What you need to do: What follows is a listing; repeat exactly, and only, its lines from the one holding "From the reference" through the last, leaving any pictures out.

Data extract:
*-*-*
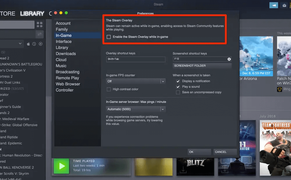 ステップ4:ゲーム内のタブを選択し、ゲームプレイ中にSteamオーバーレイを有効にするためのチェックボックスを選択します。
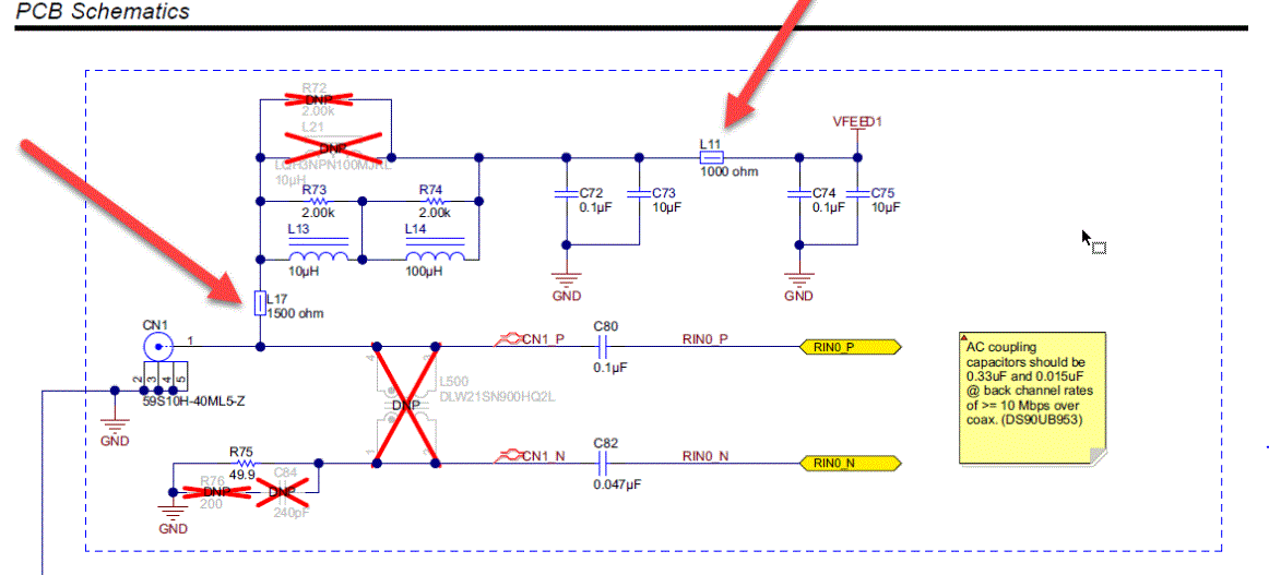 From the reference about the EVM of DS90UB934 we can see the schematic as below picture.
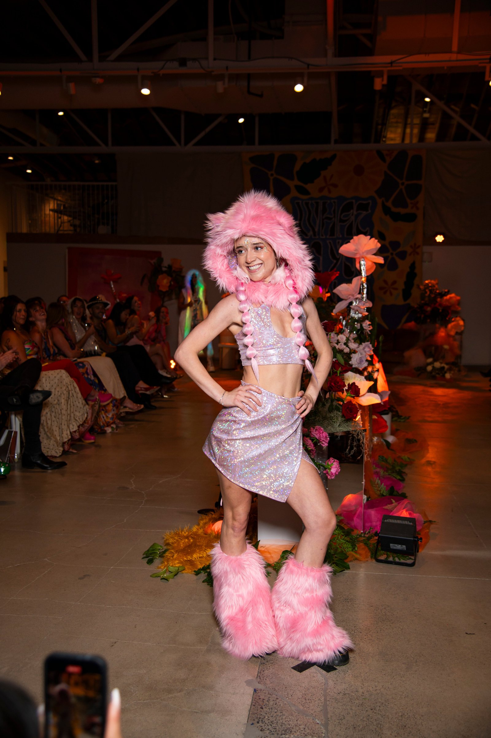 Turn heads in this light pink festival set, originally designed for one of our past fashion shows. Both pieces are size-adjustable and best suited for sizes XS–S, making it easy to customize your perfect fit.
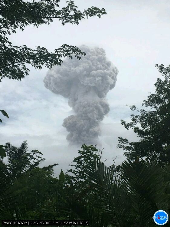 Kemarin, Sabtu (23/12/2017) pukul 11.57 WITA, Gunung Agung juga erupsi dengan asap kelabu tebal setinggi sekitar 2.500 meter condong ke timur laut. Hujan abu disertai pasir tipis terjadi di sekitar lereng Gunung Agung, seperti di Tulamben, Kubu.
*-*-*
Output for this exercise:
 From the reference about the EVM of DS90UB934 we can see the schematic as below picture.
 Turn heads in this light pink festival set, originally designed for one of our past fashion shows. Both pieces are size-adjustable and best suited for sizes XS–S, making it easy to customize your perfect fit.
 Kemarin, Sabtu (23/12/2017) pukul 11.57 WITA, Gunung Agung juga erupsi dengan asap kelabu tebal setinggi sekitar 2.500 meter condong ke timur laut. Hujan abu disertai pasir tipis terjadi di sekitar lereng Gunung Agung, seperti di Tulamben, Kubu.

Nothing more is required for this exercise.